* **PROBLEM STATEMENT**: Only a slice of the listing below is wanted. Retype the lines from the one containing "Eine alte Telefonzelle....." through the one containing "Seit vier Jahren", exactly, both ends included.

* **GIVEN DATA**:
Content starts

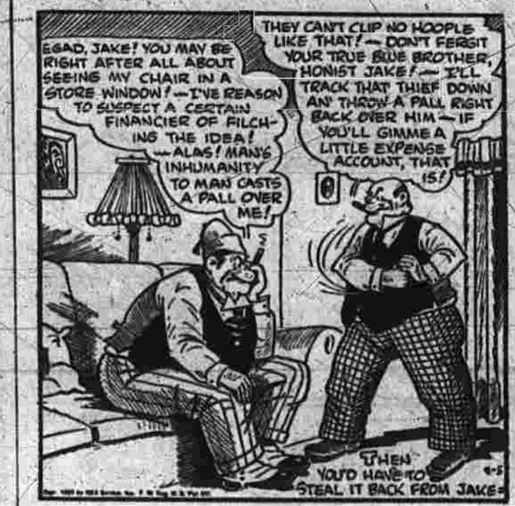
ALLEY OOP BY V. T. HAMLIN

Content ends
Content starts

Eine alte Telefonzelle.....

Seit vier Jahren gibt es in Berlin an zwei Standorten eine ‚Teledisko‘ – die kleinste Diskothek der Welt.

Content ends

* **WRITTEN ANSWER**:
Eine alte Telefonzelle.....

Seit vier Jahren gibt es in Berlin an zwei Standorten eine ‚Teledisko‘ – die kleinste Diskothek der Welt.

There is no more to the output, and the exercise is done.